No cae porque el abismo -el tablero- es también la materia -las piezas- y porque caer
sólo significaría para él continuar siendo de otro modo (una vez más, ¿qué hombre
dejaría de ser aquí?, ¿a quién le correspondería el vértigo y el prodigio de esta
aventura?).

A fuerza de escribir, es imposible no totalizar (no suponer que, positivamente, se está


totalizando). Pero la totalidad no existe, sostuvo Badiou. Totalizar es una operación
cultural, es decir relativa, no absoluta; su rédito, su verdad, sólo tendrá valor para la
cultura que emita esa intención. No hay voz humana, por lúcida que sea (y la lucidez,
dicho sea de paso, es otro mito cultural, occidental), que logre acceder a una verdad sin
ubicación y sin momento -por la sencilla razón de que tal tipo de verdad no existe. Le
Clézio, aquí, procura totalizar la materia, y la fertilidad de su operación depende, como
siempre acontece, de la hospitalidad de los suelos mentales. Pero ocurre que la escritura,
a través de la marea de su léxico, era ya una analogía perfecta y sintética de la materia
misma; el vocabulario riquísimo de Le Clézio (que la traductora refunde con maestría)
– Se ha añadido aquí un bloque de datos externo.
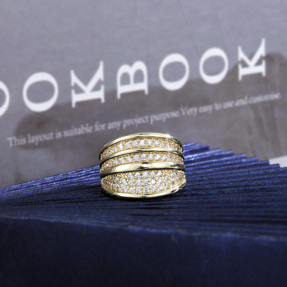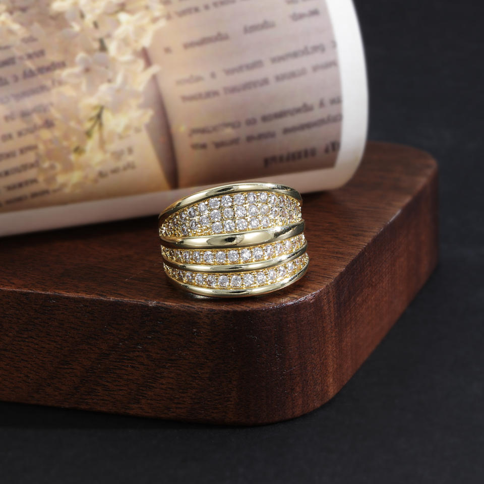 Anillo Apilable Multicapa Chapado en Oro | Anillo de banda ancha con circonita cúbica pavimentada | Anillo de Lujo para Mujer

podría haber valido, para su mismo autor, por toda esa multiplicidad inabarcable en la
que el completo universo -ese infinito tesoro de seres y de cosas- se abre ante el estupor
o la falibilidad de nuestros sentidos. El libro incurre, entonces, en una productiva
contradicción: el régimen de su devenir formal (su formidable vocabulario, su rica
sintaxis) se comporta como esa materia que ha sido elevada a la condición de entidad
total e infinitamente variada, pero el régimen de su ideología (la excepcionalidad del
hombre en contraposición al “apeiron” en el que todo se inscribe) pretende estar
haciendo, desde las orillas tristes de la negatividad humana, el elogio de un bello y
angustiante caos. Esta contradicción es curiosa y es también compleja. De más está
decir que su resultado, en cambio, es sólo magnífico.